This is more of a query whether my idea can be utilized in Snowplow trackers. My idea is that, I would like to filter the data using some external API so that snowplow collect only specific type of data. I tried to send data to my AWS collector , through another third party URL but it is not working.
My query is , is my idea valid ? Will snowplow allow such filtering?
Remember, I am only trying this for web trackers.
Can you give an example of what sort of filtering logic you are trying to employ? Some filtering may require an external service vs some filtering that may be more appropriate at either the tracker or load balancer level.
My filtering is external. Let me explain.

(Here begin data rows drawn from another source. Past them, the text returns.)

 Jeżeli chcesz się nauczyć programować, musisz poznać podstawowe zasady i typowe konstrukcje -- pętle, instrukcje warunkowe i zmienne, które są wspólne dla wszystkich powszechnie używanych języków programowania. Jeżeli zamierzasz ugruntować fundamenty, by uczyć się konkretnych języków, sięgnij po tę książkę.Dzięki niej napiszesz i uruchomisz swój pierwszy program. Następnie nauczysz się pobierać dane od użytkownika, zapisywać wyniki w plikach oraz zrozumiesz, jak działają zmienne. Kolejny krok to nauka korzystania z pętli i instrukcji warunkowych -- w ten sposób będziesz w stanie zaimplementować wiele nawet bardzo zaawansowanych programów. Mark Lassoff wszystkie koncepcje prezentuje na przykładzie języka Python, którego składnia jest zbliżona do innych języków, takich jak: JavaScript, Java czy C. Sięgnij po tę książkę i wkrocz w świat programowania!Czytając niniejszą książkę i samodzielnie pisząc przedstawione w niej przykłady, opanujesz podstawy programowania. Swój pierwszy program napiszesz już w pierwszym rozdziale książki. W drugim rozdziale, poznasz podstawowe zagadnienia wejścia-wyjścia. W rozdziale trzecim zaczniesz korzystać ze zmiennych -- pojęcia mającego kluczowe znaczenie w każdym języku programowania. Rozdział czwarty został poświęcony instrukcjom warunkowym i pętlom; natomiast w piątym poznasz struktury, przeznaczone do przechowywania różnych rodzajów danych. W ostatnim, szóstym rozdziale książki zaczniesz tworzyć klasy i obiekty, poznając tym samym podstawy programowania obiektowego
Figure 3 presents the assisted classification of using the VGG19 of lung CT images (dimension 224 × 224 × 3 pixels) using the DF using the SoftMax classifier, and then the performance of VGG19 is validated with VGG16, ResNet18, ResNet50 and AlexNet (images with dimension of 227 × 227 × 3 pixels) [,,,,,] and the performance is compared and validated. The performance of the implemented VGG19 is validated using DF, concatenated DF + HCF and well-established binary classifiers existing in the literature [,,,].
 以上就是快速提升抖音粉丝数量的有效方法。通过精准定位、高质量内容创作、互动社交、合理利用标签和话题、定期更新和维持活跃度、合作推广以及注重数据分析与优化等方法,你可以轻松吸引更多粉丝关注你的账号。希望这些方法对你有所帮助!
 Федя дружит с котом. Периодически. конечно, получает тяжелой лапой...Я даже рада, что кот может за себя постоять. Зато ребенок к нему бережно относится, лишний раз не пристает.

- My collector is ‘c1.example.com’
- My filtering service is running at ‘filter.example.com’
3.I am sending tracking data to ‘filter.example.com’ and in this filtering server, I redirecting all the hits towards my collector url(c1.example.com).
Now the issue is that, I am facing 404 errors.
Is there any documentation available for the file sp.js? We can try modifying it to allow different filtering using the same file.
- Stop users tracking data from certain countries.
2.Stop few texts which not complying with our reporting system such as this : ‘ợc+hợp+nhất|’. These texts breaks the reporting files such as CSV, TSV
- Blocking some kind of contents for example porn content etc.
Thanks for your time and effort.
Do you know where this data is coming from? Everything in the Snowplow pipeline should be UTF-8 so this shouldn’t break loading or processing any parts of the pipeline but you may want to filter it out somewhere depending on how it’s being sent / if it’s expected (you could likely due this in your schema definitions).
Is it porn URLs that are being sent through in fields or something else? This can be a trickier one to remove but I suspect the best place to do this would be a custom enrichment that flags adult sites and removes / redacts or drops the event depending on your desired behaviour.
Thanks for your suggestions.
Can we use IP lookup enrichment for blocking some countries/cities? If not, what is the utilization of this enrichment?
The IP lookup enrichment runs after collection so its primary use is to add geographic information to an event for analysis and filtering - rather than blocking.
If you want to stop events before they are collected this depends a bit more on the use case e.g., do you want to stop events because you don’t have consent to collect or you just don’t want to collect for some other reason?
Depending on this you could look at blocking countries at the CDN level (though a warning that this still be an approximation based on the IP address) or alternately you could run some client side code that retrieves the country from an IP address using an API (such as ipify) and then determines whether the tracker should be initialised or not.
Can you please explain , how this API enrichment can be implemented?
I suppose , you referring to this as API enrichment:
Yes - you would send the parts of the event that you want to filter to this API and then you could flag the events appropriately and remove them from your database.